I liked the inclusion of the analysis of the information content contained in the region of interest of the 16S rRNA gene. It would have liked them to have expanded on this. For example, how does the information content differ between different taxonomic groups? Nonetheless, I’m glad that they mentioned the R tool that they used, as it could be useful for our work. I’m not familar with clone library-based technologies, but they could be worth exploring for inclusion in our database.

Sources

1: seqinR


Pat Schloss on rRNA Reference Database Sequence Alignment

Source Information

Source: Mothur blog

PD Schloss

Aug 4, 2015

No-greengenes-hasnt-improved

Overview

This blog post suggests some food for thought for the alignment of rRNA reference databases. Pat Schloss is pretty candid here, and provides some strong arguments in favour of using a “reference-based” alignment approach, rather than approaches that model the secondary structure of the 16S rRNA gene.

Notes

  • Why do reference alignments matter?
    • Aims to ensure that positional homology across all sequences –> we want to make sure that we are comparing the same regions of the sequences (important for diversity calculations)
    • Provides “whole dataset alignment” at a fraction of the computational costs of multiple sequences alignments
    • Intermediate between pairwise alignments and MSAs regarding the number of OTUs, and distance measurements
  • Common methods used for aligning rRNA sequences, while preserving secondary structure
    • Reference-based (e.g. NAST, Mothur’s align.seqs)
      1. Generate reference alignment
      2. Align sequences to reference alignment
    • Model-based (e.g. Infernal)
      • rRNA secondary structured modelled
  • rRNA reference database alignments
    • Reference-based:
      • SILVA
    • Model-based
      • Greengenes
      • RDP

Comments

Dr. Schloss’ results indicate that the model-based approaches result in the loss of a significant # of bases in the hypervariable regions. For example, the Greengenes alignments resulted in 18 sequences being discarded on average compared to SILVA’s. This surprised me, as I was under the impression that Infernal was the goto tool for rRNA alignments. This post could also prove to be helpful in the future, when we perform alignments on our database, as the source code is provided.

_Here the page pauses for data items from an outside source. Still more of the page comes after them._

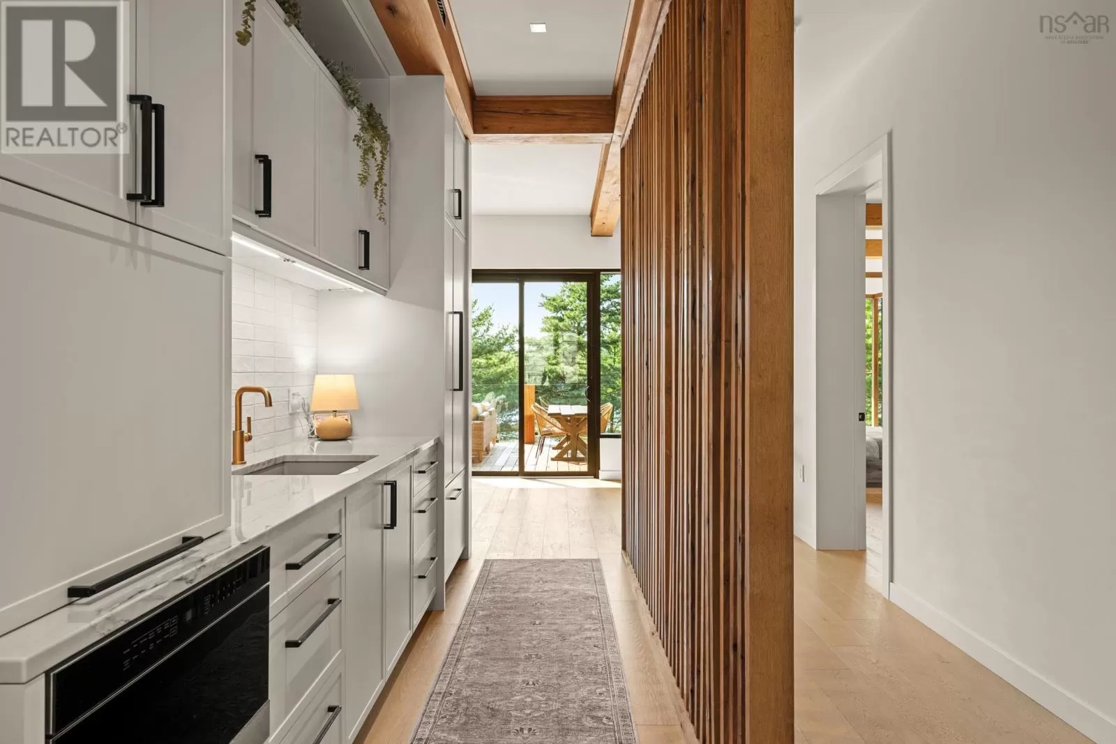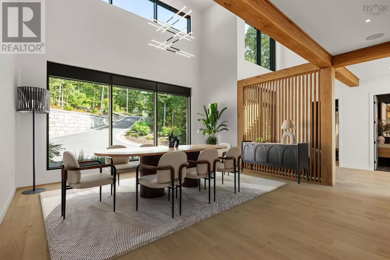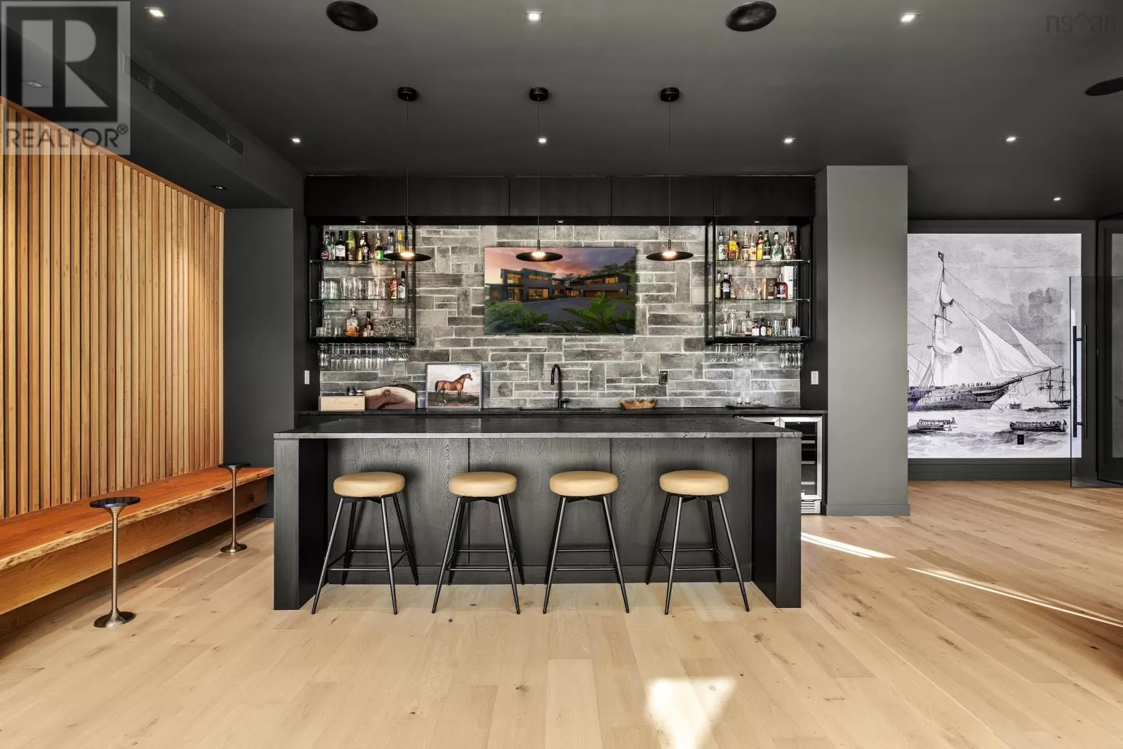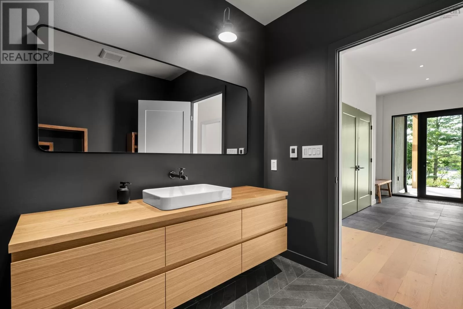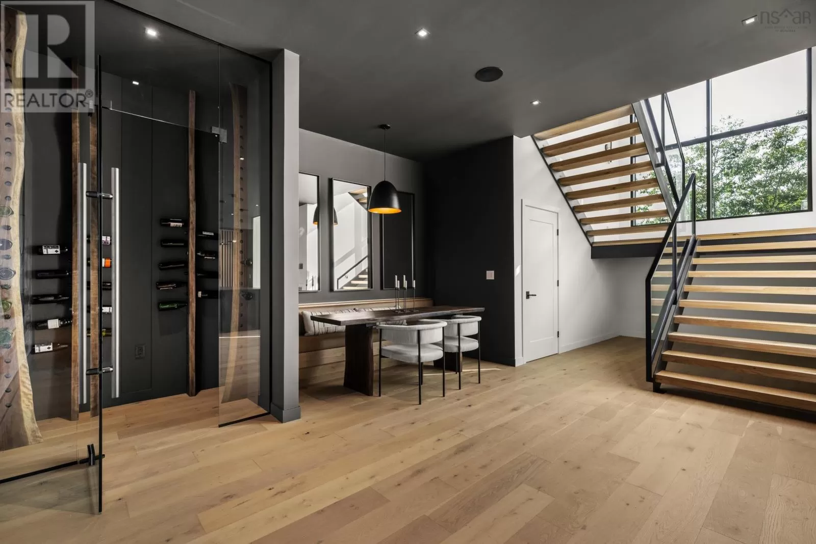 Highway 2, turn left across train tracks and left down Sunnylea Road Terrace House stands as a rare architectural achievement, 10,417 sq.ft. of contemporary design envisioned by David Bourque, crafted to a standard seldom seen in Nova Scotia. Built to commercial grade specifications, this estate marries strength, precision, and artistry, setting a benchmark for luxury living. The construction tells its own story of permanence: ICF walls, an aluminum curtain wall system with Solarban 60 glazing, and a standing seam metal roof create a structure designed to endure. Inside, solid white oak beams soften the modern aesthetic, while radiant in-floor heating, including in the triple garage, ensures year-round comfort. Ten discreet ducted cooling units and a fully engineered mechanical system provide silent efficiency without visual interruption. With 6 bedrooms and 8 baths, the home balances intimacy and scale. The main level primary suite is a private retreat, complete with a lounge, double sided fireplace, walk-out patio, walk-in dressing room with laundry, and a striking ensuite anchored by a sculptural concrete tub. Additional bedrooms feature private ensuites, and the thoughtful flow adapts seamlessly to both family living and entertaining. The culinary space elevates daily rituals, offering a commercial grade gas range, dual panel ready JennAir refrigerators, a statement island, and a secondary prep kitchen. In the loft, you'll find a versatile suite with bunk beds, kitchenette, and bath extends the homes hospitality, while the lower level provides a world of its own with a bedroom, full bath, secret room, wine room, bar, gym, and theatre. Refined finishes, including Emtek hardware, cold rolled steel railings inset with custom glass, Control4 smart automation, and book matched stonework, underscore the homes craftsmanship. Set on 185 feet of frontage along Grand Lake, the property offers a rare combination of natural serenity and modern convenience, with downtown Halifax and the airport within easy reach. (id:27476)
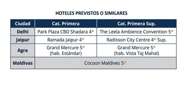 • Días 07: Delhi – Maldivas Desayuno. A la hora prevista, traslado al aeropuerto para tomar el vuelo con destino Male (no incluido). Llegada y traslado al hotel. Régimen de todo incluido. Alojamiento.
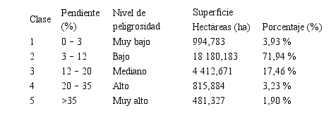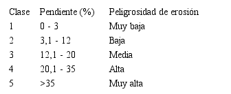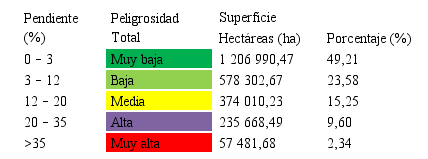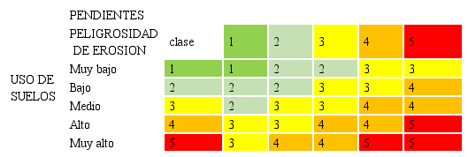 Cuando sea posible, se tomará el valor intermedio entre las dos variables. Por ejemplo, si la pendiente=3 y el uso del suelo=1, entonces la peligrosidad de erosión será igual a 2.
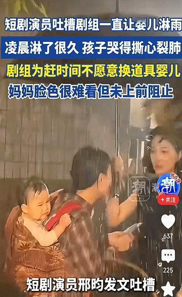 凌晨十二点,洒水车对着一个不到一岁的娃狂浇冷水,半小时,真雨戏。孩子哭到没声,脸青打抖,背他的女演员想拿伞遮,导演一句“别挡脸”就把伞挪开,娃继续当喷头。假娃娃不用,省时间,片酬800,爸妈现场,脸色难看却没抱走,只催“快点拍完”。拍完热搜爆,网友骂疯了:道具是娃,保暖没有,良心也没有。法律摆在那,虐待罪门槛不高,就看有没有人真的去摁按钮。短剧七天一部,不是免死金牌,再赶工,也不能把娃的命当进度条。
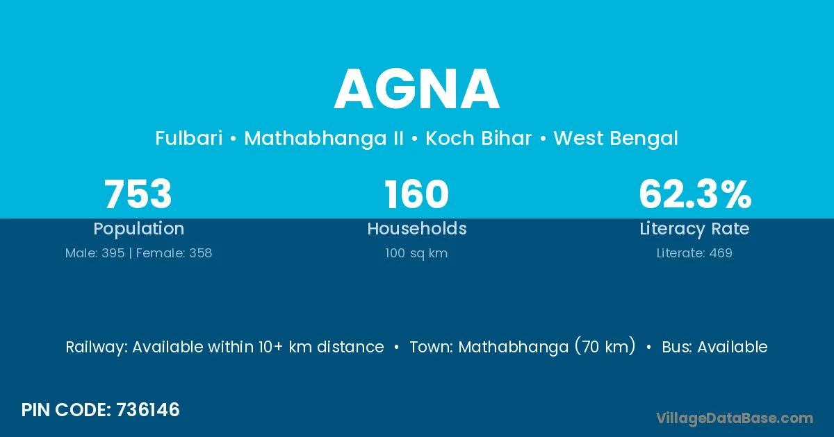Mathabhanga (70 km) is the nearest town to Agna village for major economic activities and is located approximately 70 km away.
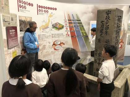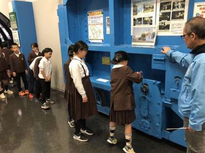 4年生の社会見学の様子です。4年生は、総合的な学習の時間で防災の学習をしています。今回は、津波・高潮ステーションに行ってさらに学びを深めてきました。津波災害体感シアターでは、津波の恐ろしさを体感したり、地震・津波発生時の対応などを学んだりしました。
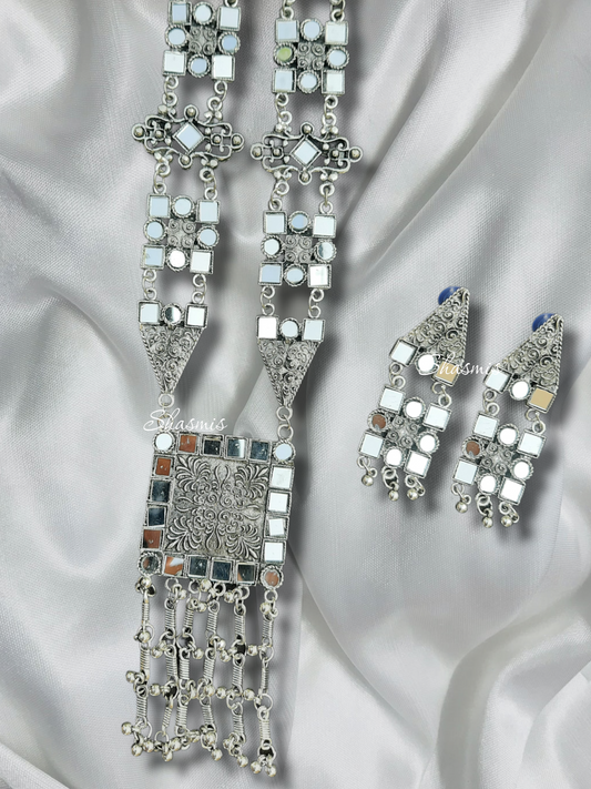 Square Shape Design Sequence Afghani Necklace With Earrings
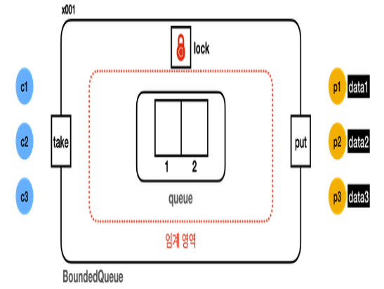 지금까지 생산자/소비자 문제, 즉 "한정된 버퍼 문제"를 해결하기 위한 BoundedQueue 클래스를 살펴보았다. 하지만 이는 스레드 입장에서 "차단"을 하기 때문에, BlockingQueue 라는 말이 존재한다. put 함수는 공간이 가득차면 추가 작업을 차단 시키고, take 함수는 비어있으면 획득 작업을 차단시킨다. 이는 실제 동일한 pckg 에서 제공하는 BlockingQueue 의 내용이다. 다 제공해주는 내용이지만, 생산자/소비자 문제를 잘 이해하면 Java 멀티스레딩의 기본기를 잘 익혔다 할 수 있기 때문에 지금까지 공부한 것.
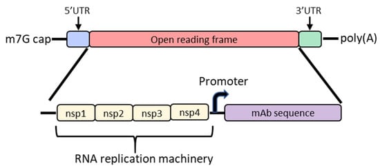 Diagram of the basic structure of self-amplifying mRNA (RepRNA) that includes the typical cap, 5′ and 3′ UTRs and poly(A) tail. The details of the open reading frame are depicted and contain the nsp1, nsp2, nsp3 and nsp4 genes from the alphavirus genome that encode for RNA replication machinery. Downstream from the rep genes are a subgenomic promoter and the elements encoding a monoclonal antibody (mAb). Abbreviations: m7G: 7-methylguanosine; UTR: untranslated region; nsp: nonstructural protein.
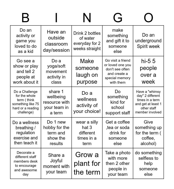 This bingo card has a free space and 34 words: Have a coffee with someone you don't know well, Take a photo with more then 2 other people in your team, Give a thank you note to someone, Do a random act of kindness, Do a wellness breathing / regulation exercise and then teach it, Do a yoga/soft movement activity in class, Do an underground Spirit week, Decorate a different staff members desk to encourage and awesome day, Have an outside classroom day/session, Do a writing Gratitude activity for a week straight, Make someone laugh on purpose, Drink 2 bottles of water everyday for 2 weeks straight, Participate in something creative with your students, Share your top 5 memes to your team, Do something kind for school support staff, hi-5 5 people over a week, Share a Joyful moment with your team, Do a Challenge for the whole term ( think something like 75 hard or a reading challenge), Do 1 new hobby for the term and show the results, Get a coffee ,tea or soda drink for someone else, wear a silly hat 3 different times in a term, Go somewhere you haven't been before local to you ( a different shop or park), Do an activity or game you loved to do as a kid, Have a "whimsy day" 2 different times in a term and get at least 1 other staff member involved, Grow a plant for the term, do something selfless to help someone else, make something and gift it to someone else, try to create 2 new wellbeing habits within the term, Go visit a friend or loved one you don't see often and create a special memory with them, Go see a show or play and tell 2 people at work about it, go cloud watching or star gazing and talk about it, share 1 wellbeing resource with your team in a term, Give something up for the term ( coffee, alcohol) and Go find a new community group to try for a term (community committees , church groups, girl guides or scouts, sports).

Scaling metagenomic classification

Details

Title: Scalable metagenomic taxonomy classification using a reference genome database

Citation:
Ames, Sasha K., et al. “Scalable metagenomic taxonomy classification using a reference genome database.” Bioinformatics 29.18 (2013): 2253-2260.

Overview

Presents a new taxonomic classification algorithm, with the aim of scaling well to analyze large metagenomic (typically shotgun)datasets. This methods has very high memory requirements (0.5 - 1 terabytes). The authors aim was to classify to the species level when possible.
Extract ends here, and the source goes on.